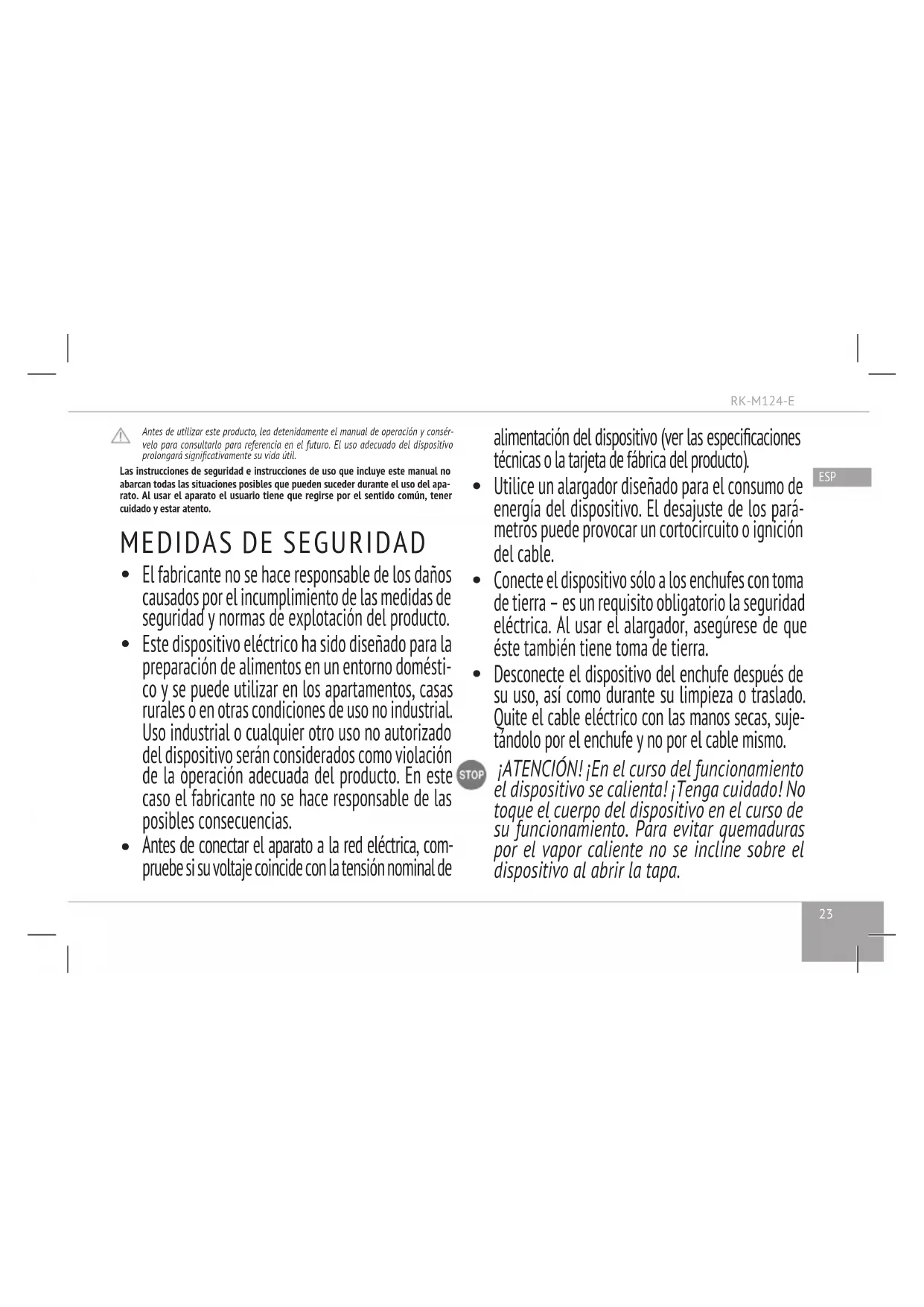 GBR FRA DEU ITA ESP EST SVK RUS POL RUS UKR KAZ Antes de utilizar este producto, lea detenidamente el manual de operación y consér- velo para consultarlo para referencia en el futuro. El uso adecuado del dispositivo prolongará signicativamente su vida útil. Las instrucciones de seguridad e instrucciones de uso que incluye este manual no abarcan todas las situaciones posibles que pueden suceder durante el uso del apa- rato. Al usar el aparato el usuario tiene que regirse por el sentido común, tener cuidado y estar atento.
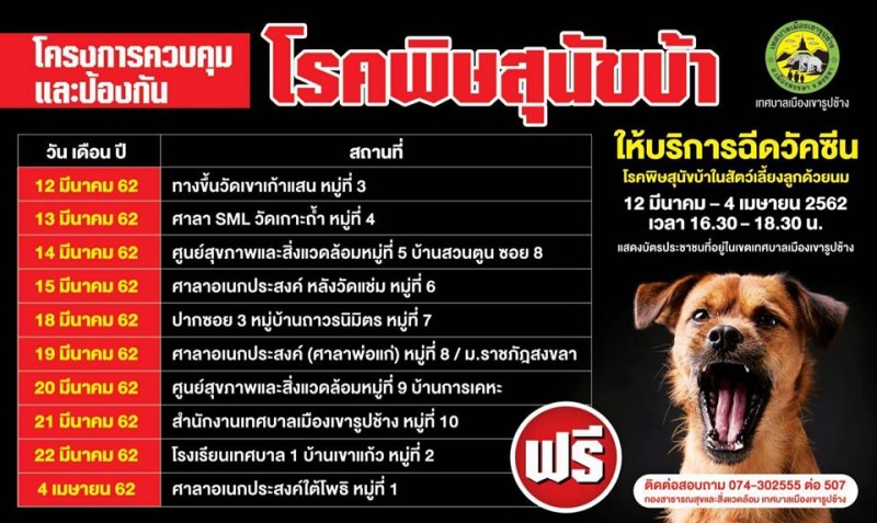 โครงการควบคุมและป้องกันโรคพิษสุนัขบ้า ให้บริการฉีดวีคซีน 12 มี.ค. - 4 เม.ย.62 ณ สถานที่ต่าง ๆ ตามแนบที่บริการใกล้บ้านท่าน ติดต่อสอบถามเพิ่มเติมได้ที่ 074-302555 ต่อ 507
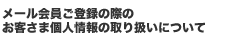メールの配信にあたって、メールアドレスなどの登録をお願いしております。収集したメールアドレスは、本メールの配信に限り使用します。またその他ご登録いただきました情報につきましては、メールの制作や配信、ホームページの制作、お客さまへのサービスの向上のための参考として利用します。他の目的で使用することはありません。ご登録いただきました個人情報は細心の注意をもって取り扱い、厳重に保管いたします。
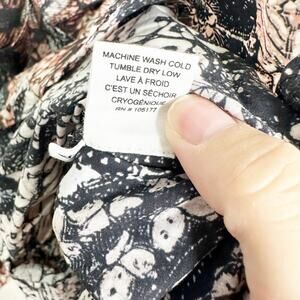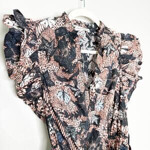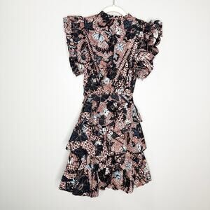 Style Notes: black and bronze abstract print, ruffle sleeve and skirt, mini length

+ + +

Leave the pictures out. Output exactly, and only, the lines from the one with "โครงการควบคุมและป้องกันโรคพิษสุนัขบ้า ให้บริการฉีดวีคซีน 12" through the last line of the listing above, both included.

 โครงการควบคุมและป้องกันโรคพิษสุนัขบ้า ให้บริการฉีดวีคซีน 12 มี.ค. - 4 เม.ย.62 ณ สถานที่ต่าง ๆ ตามแนบที่บริการใกล้บ้านท่าน ติดต่อสอบถามเพิ่มเติมได้ที่ 074-302555 ต่อ 507
メールの配信にあたって、メールアドレスなどの登録をお願いしております。収集したメールアドレスは、本メールの配信に限り使用します。またその他ご登録いただきました情報につきましては、メールの制作や配信、ホームページの制作、お客さまへのサービスの向上のための参考として利用します。他の目的で使用することはありません。ご登録いただきました個人情報は細心の注意をもって取り扱い、厳重に保管いたします。
 Style Notes: black and bronze abstract print, ruffle sleeve and skirt, mini length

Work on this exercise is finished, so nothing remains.